Why the First Week Is Different
During testing you controlled the inputs. In production, inputs are unpredictable — real emails, real files, real volumes. Assignments that worked perfectly in tests often surface new failure modes in the first week simply because the variety of real-world data is much wider than your test cases covered. The goal of first-week monitoring is not to watch every Job in real time. It is to catch pattern changes early enough to act before they become problems, and to graduate off intensive monitoring once you have evidence that the assignment is stable.Daily Checks: Day 1 to Day 7
Run through this list each day while the assignment is in its first week of production use. It takes about five to ten minutes.Activity Inbox
Open the Activity Inbox and check for pending approval requests.- Are there more pending requests than expected? A spike in Needs Input usually means the SOP is hitting an ambiguous case it is not confident about — see Spike in Needs Input below.
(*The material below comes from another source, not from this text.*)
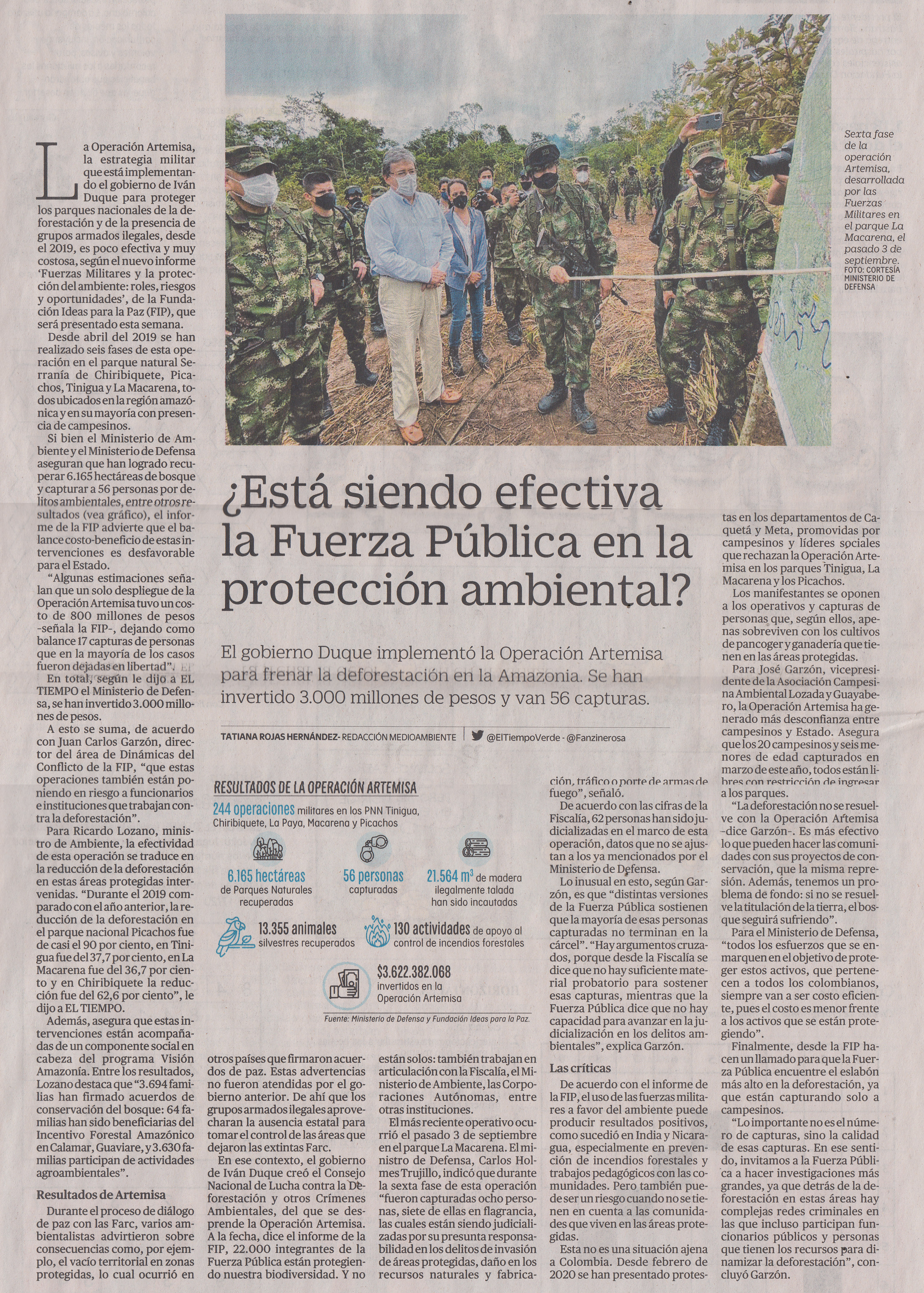La Operación Artemisa, la estrategia militar que está implementando el gobierno de Iván Duque para proteger los parques nacionales de la deforestación y de la presencia de grupos armados ilegales, desde el 2019, es poco efectiva y muy costosa, según el nuevo informe ‘Fuerzas Militares y la protección del ambiente: roles, riesgos y oportunidades’, de la Fundación Ideas para la Paz (FIP), que será presentado esta semana.

- Are requests sitting unanswered for more than a few hours? Unanswered requests pause the Jobs that created them. If your team is not seeing the notifications, adjust the escalation path in the SOP or your Slack/email notification setup.
Case Queue health (if applicable)
If the assignment uses Case Queue, open the Cases view and check the status breakdown for the time period covering the last 24 hours.| Metric | Healthy range | Watch for |
|---|---|---|
| Failed rate | Under 5% of cases processed | Any sudden spike above your baseline |
| Needs Input rate | Stable or declining over the week | Rising rate signals a SOP gap |
| Postponed rate | Stable | Rising rate may indicate an upstream system is slow |
Jobs List
Open the Jobs List (Past Jobs) and apply the Needs attention filter to see any Failed or Needs Input Jobs from the past 24 hours.- For each failed Job, open it and note which step failed. Look for clustering: if five Jobs all fail at the same step, that is a SOP or Connection issue, not random noise.
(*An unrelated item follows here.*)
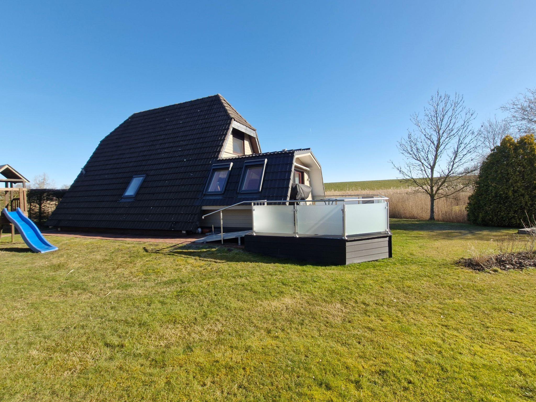 Große Sonnenterrasse mit Blick auf den Deich, Abstellraum und Parkplatz am Haus.

- If a Job failed due to a Connection error, go to Connections, check whether the Connection is still authorized, and re-authorize if needed.
Cost per Job trend
In Team Insights, check the average cost per run for this assignment over the past 24 hours against your baseline from testing.- A cost spike often means the assignment is making more tool calls than expected — common when the SOP does not give the assignment a clear stopping point and it keeps searching or retrying.
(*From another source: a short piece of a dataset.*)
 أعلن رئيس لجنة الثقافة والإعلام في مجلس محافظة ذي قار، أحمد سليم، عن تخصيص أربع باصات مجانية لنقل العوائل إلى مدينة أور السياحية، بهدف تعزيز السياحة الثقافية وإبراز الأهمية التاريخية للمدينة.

- A cost spike can also indicate a tool-call loop: the assignment calls a tool, gets an unexpected result, and tries again repeatedly. Open the high-cost Job from the Jobs List and scroll through the steps to find where calls are repeating.
Output spot-check
Pick three to five completed Jobs at random and open them. Read the output the assignment produced.- Does the output look correct? Would a human reviewer accept it?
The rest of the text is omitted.